My goal is to one-hot encode a list of categorical columns using Spark DataFrames. For example, same like get_dummies()
function does in Pandas
.
The data set, bureau.csv
originally have been taken from a Kaggle competition Home Credit Default Risk. Here is my entry table example, say entryData
, where it is filtered where only KEY = 100001
.
# primary key
KEY = 'SK_ID_CURR'
data = spark.read.csv("bureau.csv", header=True, inferSchema=True)
# sample data from bureau.csv of 1716428 rows
entryData = data.select(columnList).where(F.col(KEY) == 100001).show()
print(entryData)
+----------+-------------+---------------+---------------+
|SK_ID_CURR|CREDIT_ACTIVE|CREDIT_CURRENCY| CREDIT_TYPE|
+----------+-------------+---------------+---------------+
| 100001| Closed| currency 1|Consumer credit|
| 100001| Closed| currency 1|Consumer credit|
| 100001| Closed| currency 1|Consumer credit|
| 100001| Closed| currency 1|Consumer credit|
| 100001| Active| currency 1|Consumer credit|
| 100001| Active| currency 1|Consumer credit|
| 100001| Active| currency 1|Consumer credit|
+----------+-------------+---------------+---------------+
I'm looking to one-hot encode the list columnList
by creating the function catg_encode(entryData, columnList)
,
columnList = cols_type(entryData, obj=True)[1:]
print(columnList)
['CREDIT_ACTIVE', 'CREDIT_CURRENCY', 'CREDIT_TYPE']
Note cols_type()
is a function that returns a list of columns either categorical columns (if obj=True
) or numerical ones (if obj=False
).
I have succeeded in one-hot encode the first column 'CREDIT_ACTIVE'
but I couldn't for the hole columns simultaneously, I mean to build the function catg_encode
.
# import necessary modules
from pyspark.sql import functions as F
# look for all distinct categoris within a given feature (here 'CREDIT_ACTIVE')

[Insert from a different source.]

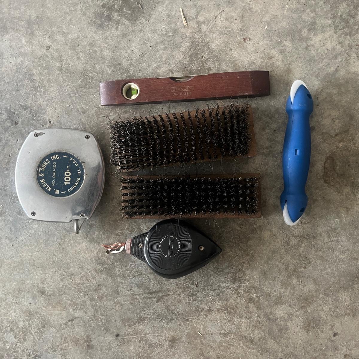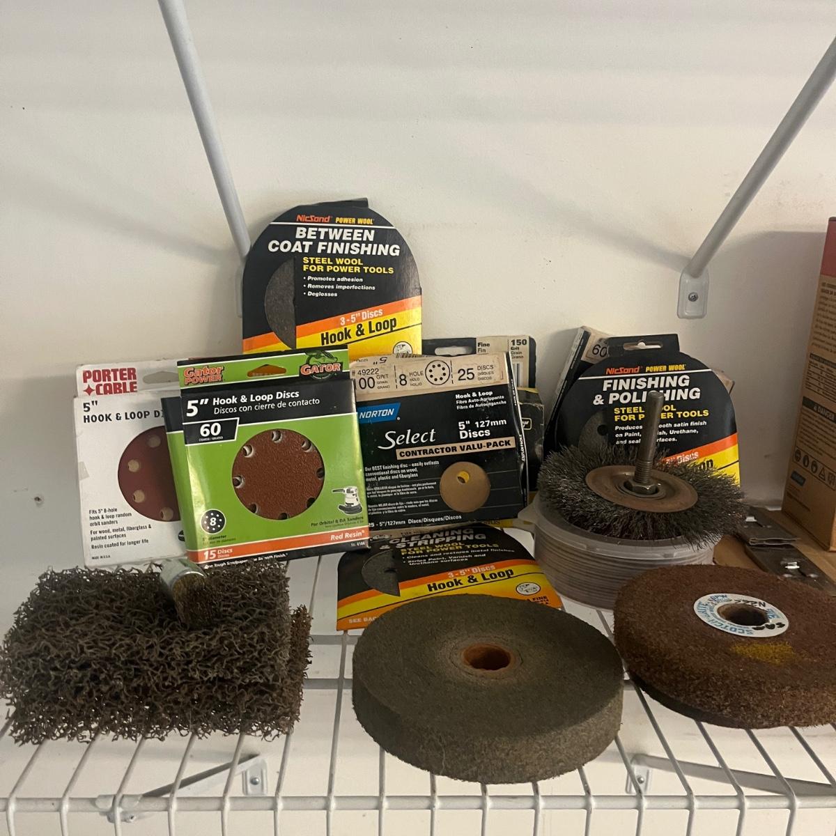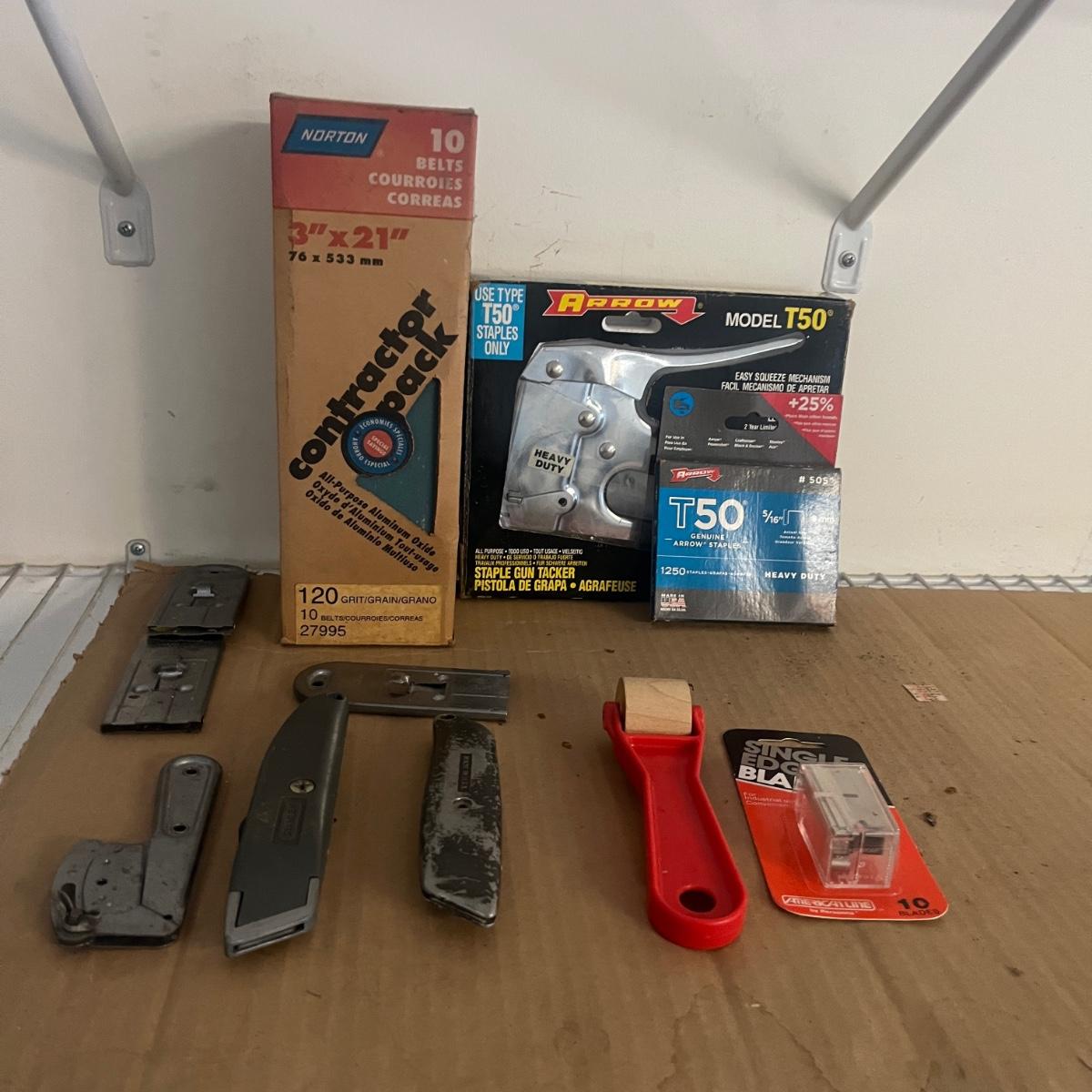 Lot includes paint rollers and tray, wallpaper brushes, razor knives, sandpaper, measuring tape, wire brushes, stapler, caulking gun and more.

categories = entryData.select(columnList[0]).distinct().rdd.flatMap(lambda x: x).collect()
# one-hot encode the categories
exprs = [F.when(F.col(columnList[0]) == category, 1).otherwise(0).alias(category) for category in categories]
# nice table with encoded feature 'CREDIT_ACTIVE'
oneHotEncode = entryData.select(KEY, *exprs)
print(oneHotEncode)
+----------+--------+----+------+------+
|SK_ID_CURR|Bad debt|Sold|Active|Closed|
+----------+--------+----+------+------+
| 100001| 0| 0| 0| 1|
| 100001| 0| 0| 0| 1|
| 100001| 0| 0| 0| 1|
| 100001| 0| 0| 0| 1|
| 100001| 0| 0| 1| 0|
| 100001| 0| 0| 1| 0|
| 100001| 0| 0| 1| 0|
+----------+--------+----+------+------+
Here the feature 'CREDIT_ACTIVE'
has 4 distinct categories; ['Bad debt', 'Sold', 'Active', 'Closed']
.
Note I have even tried IndexToString
and OneHotEncoderEstimator
but didn't help for this specific task.
I am expecting to have the following output,
+----------+--------+----+------+------+----------+----------+----------+----------+----------+---
|SK_ID_CURR|Bad debt|Sold|Active|Closed|currency 1|currency 2|currency 3|currency 4|..........|...
+----------+--------+----+------+------+----------+----------+----------+----------+----------+---
| 100001| 0| 0| 0| 1| 1| 0| 0| 0| ..|
| 100001| 0| 0| 0| 1| 1| 0| 0| 0| ..|
| 100001| 0| 0| 0| 1| 1| 0| 0| 0| ..|
| 100001| 0| 0| 0| 1| 1| 0| 0| 0| ..|
| 100001| 0| 0| 1| 0| 1| 0| 0| 0| ..|
| 100001| 0| 0| 1| 0| 1| 0| 0| 0| ..|
| 100001| 0| 0| 1| 0| 1| 0| 0| 0| ..|
+----------+--------+----+------+------+----------+----------+----------+----------+----------+---
The continuous points ...
are for the remaining categories of the feature 'CREDIT_TYPE'
which are
['Loan for the purchase of equipment', 'Cash loan (non-earmarked)', 'Microloan', 'Consumer credit', 'Mobile operator loan', 'Another type of loan', 'Mortgage', 'Interbank credit', 'Loan for working capital replenishment', 'Car loan', 'Real estate loan', 'Unknown type of loan', 'Loan for business development', 'Credit card', 'Loan for purchase of shares (margin lending)']
.
Remarque: I have seen this post E-num / get Dummies in pyspark but doesn't automate the process for many columns, case of big data. The post gives a solution to write separate code for each categorical feature which is not my case problem.